# Exercise details
For the records below, output word for word the lines from the one with "第一步,运行王者荣耀游戏,进入大厅之后点击右上方的好友系统选项;" up to and including the one with "MLB가 유화력이 뛰어난". No pictures.

#### Recorded data ####

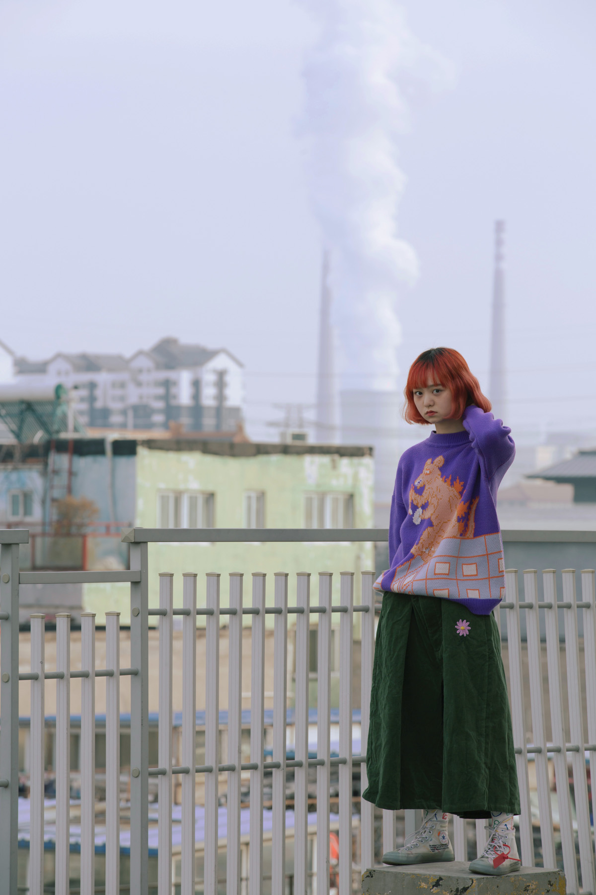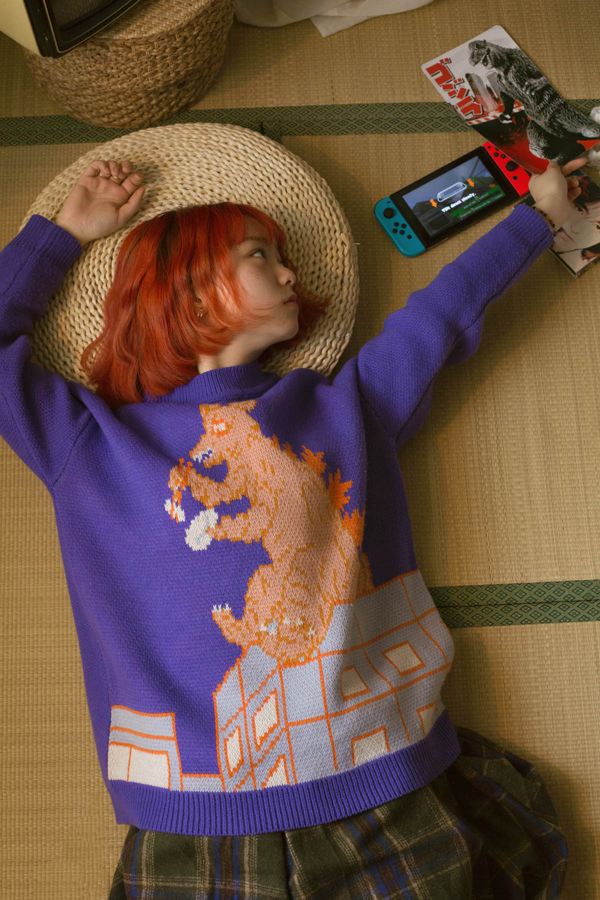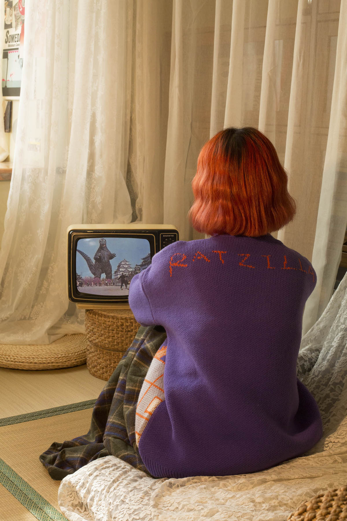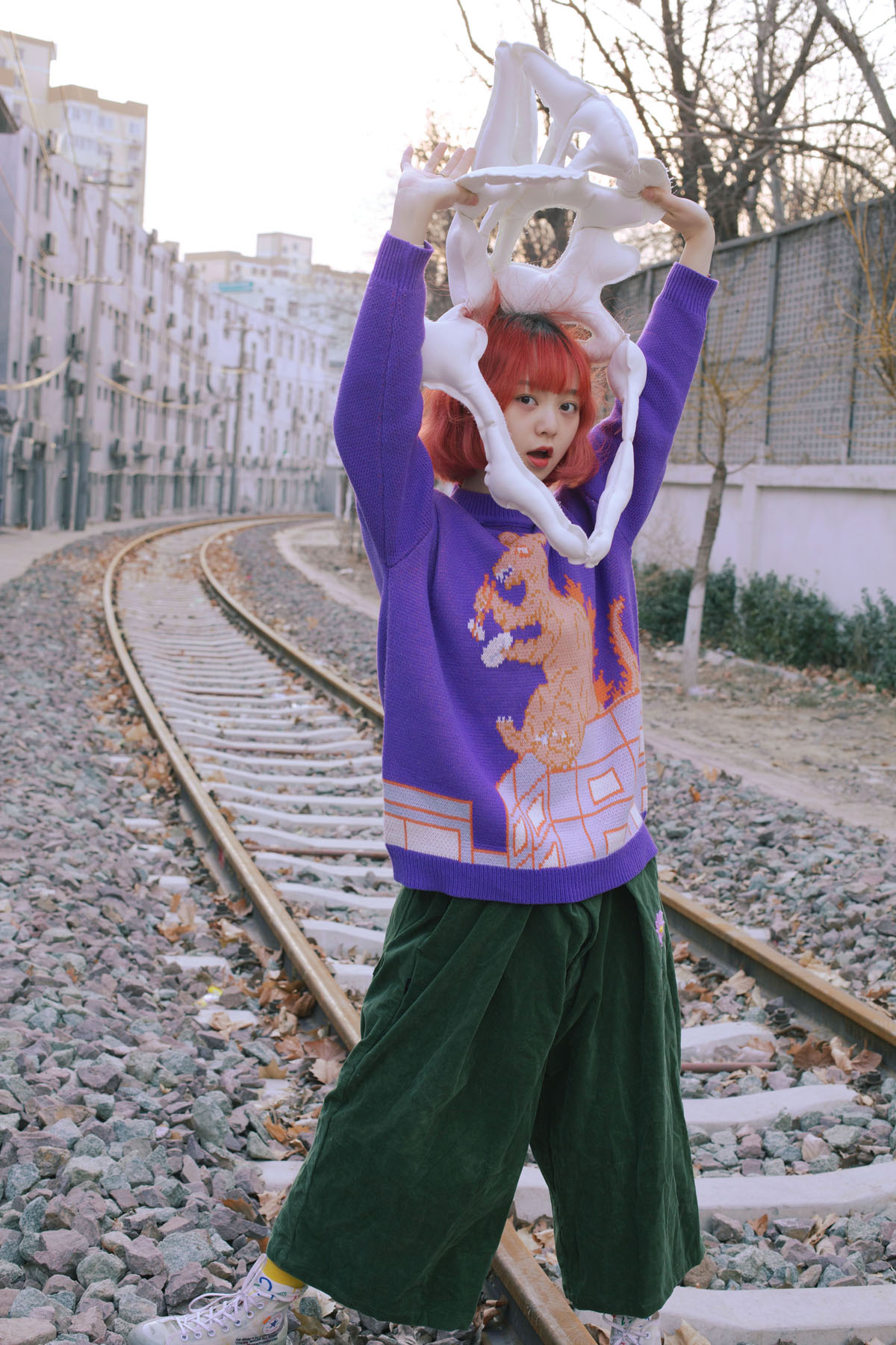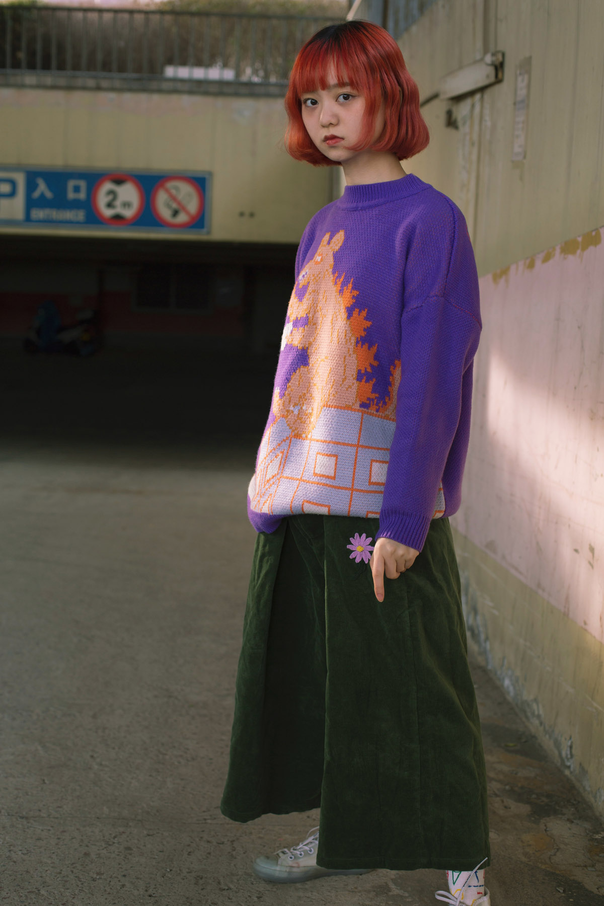 一只坐在天台上吃饺子的鼠斯拉,配上霓虹般的紫色毛衣,让你在冬天变成最亮眼的小孩。
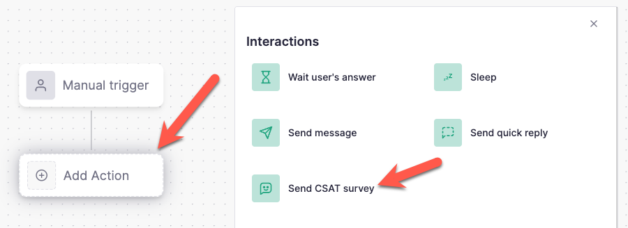 Ao criar ou editar um bot ou automação, adicione uma nova ação e selecione “Enviar pesquisa CSAT”.
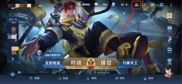 第一步,运行王者荣耀游戏,进入大厅之后点击右上方的好友系统选项;
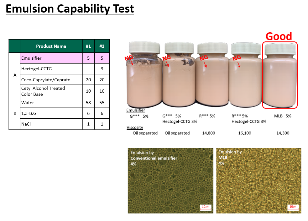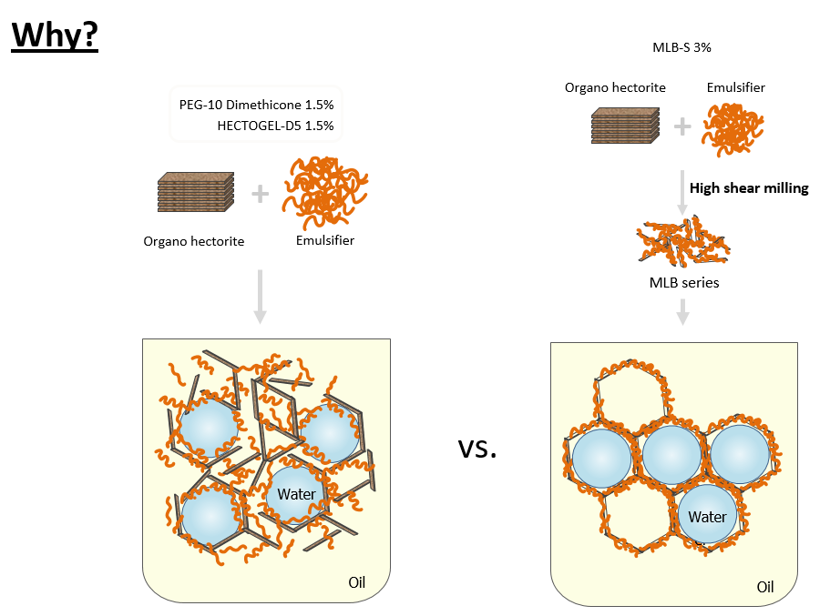 MLB가 유화력이 뛰어난 이유는 헥토라이트와 유화제가 함께 유화액적을 감싸 유화 안정성을 향상 시키는 일종의 Pickering Emulsifier로 작용하기 때문입니다.
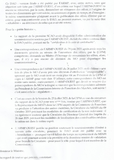 - Face aux deux propositions d’attributions, qui m’ont été portées, (je n’ai jamais participé à une seule des Assises du CIPM), Assises bien que, de tout temps et difficilement du fait de nos moyens limités supportées par la Commune et après avoir perdu deux mois, multiplié les dépenses, pour qu’à tout prix, l’ARMP Ouest « positionne » son Protégé », le Maitre d’Ouvrage a choisi la proposition qui lui convenait en prenant soin de motiver au Ministre son choix.
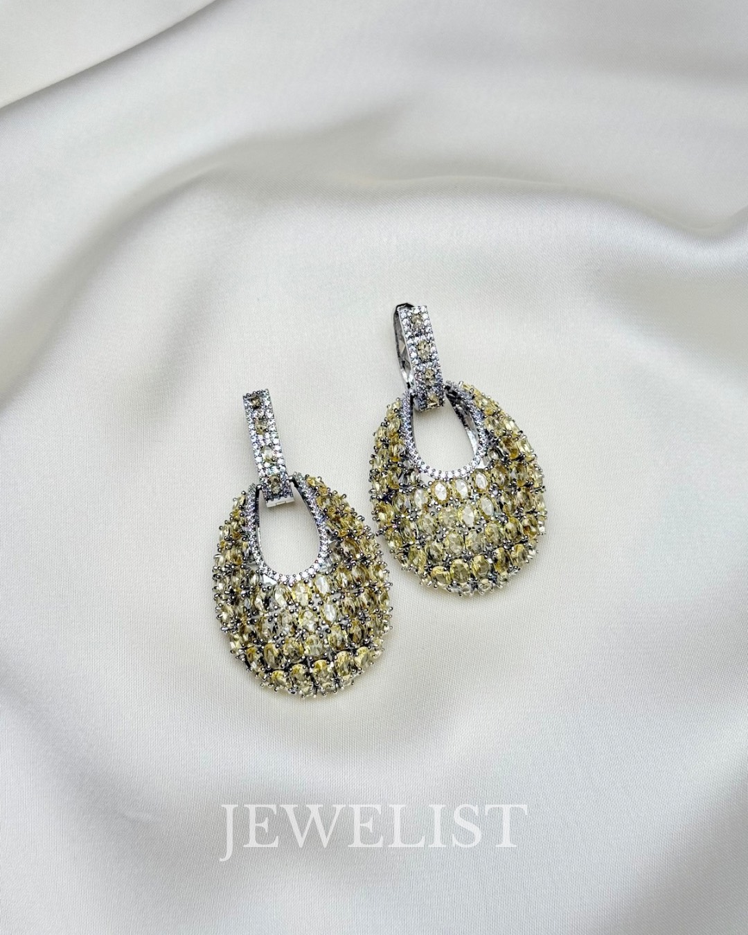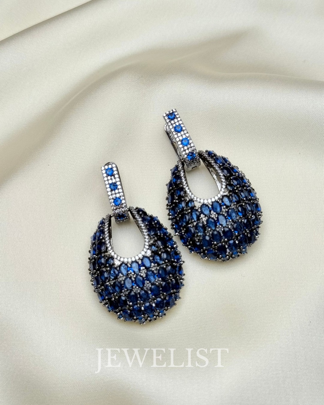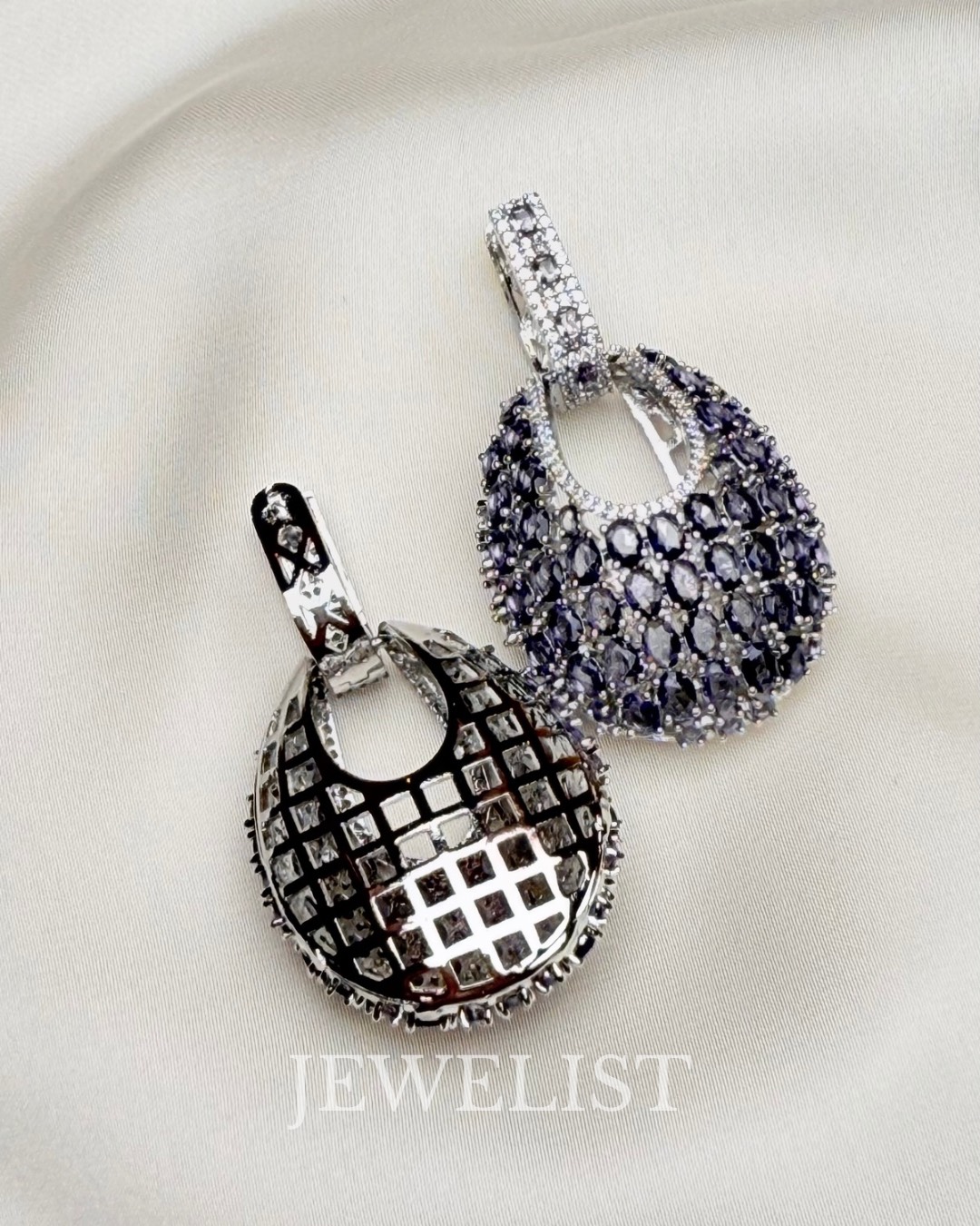 Step into timeless elegance with Paved Drop Hoops by Jewelist.pk – a luxurious addition to your jewellery collection. Designed with a bold teardrop silhouette, these earrings feature a brilliant silver-tone and oxidised finish that exudes modern sophistication. The surface is fully paved with marquise-cut gemstones arranged in a basket-weave pattern, creating a sparkling effect from every angle.
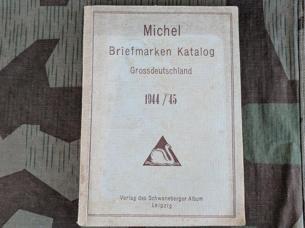 1944/45 Michel Briefmarken Katalog postage stamp catalog. It has stamps from the 1800s up until 1944. The forward is dated May 1944. It seems to be something of a collectors reference book. There is a swan drawn in pencil on the title page. It also has some discoloration and warping. A few pages have small tears. It is still holding together well and very usable. A great resource with a wealth of information. It measures about 8 1/4' by 6'
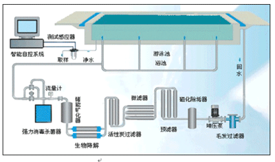 根據上面的設計步驟,總結出游泳池水處理系統設計方案說明如下:
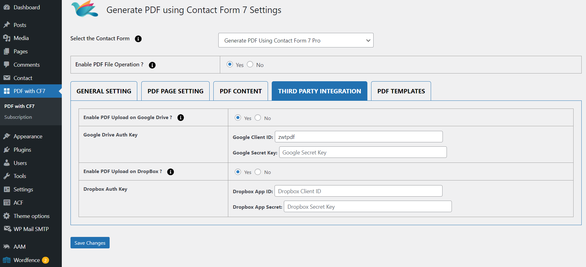 Also, Generate PDF using the Contact Form 7 Pro plugin provides Google and Dropbox third-party integration, enabling you to submit your generated PDF directly to Google Drive Or Dropbox space. So it helps reduce occupied space on your server.
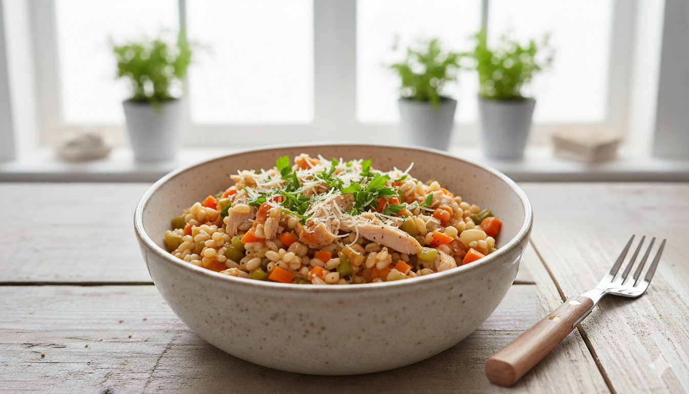 Dieta Odżywianie Posiłki dietetyczne błonnik pokarmowy, kasza jęczmienna, trawienie, zaparcia, zdrowe przepisy Kaszotto jęczmienne z indykiem – smaczny sposób na problemy z zaparciami
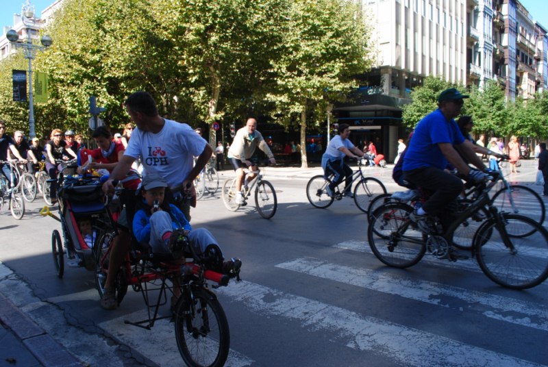 San Sebastian se engloba en las ciudades que más han hecho por promover el uso de la bici. Me llama la atención la cantidad de padres que salen con sus hijos pequeños a pedalear.
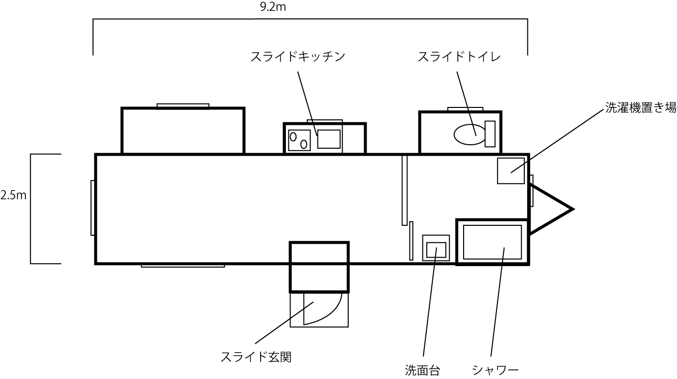 | 装 備 | シャワー(1200*800サイズ)・スライドトイレ(温水洗浄便座付)・ スライドキッチン(IH・2口)・スライド玄関・各部照明・照明レール式・各コンセント・スライドアウト・タイルカーペット・リジェーロα(エントランスドア) |

####

# Response to this task
 第一步,运行王者荣耀游戏,进入大厅之后点击右上方的好友系统选项;
 MLB가 유화력이 뛰어난 이유는 헥토라이트와 유화제가 함께 유화액적을 감싸 유화 안정성을 향상 시키는 일종의 Pickering Emulsifier로 작용하기 때문입니다.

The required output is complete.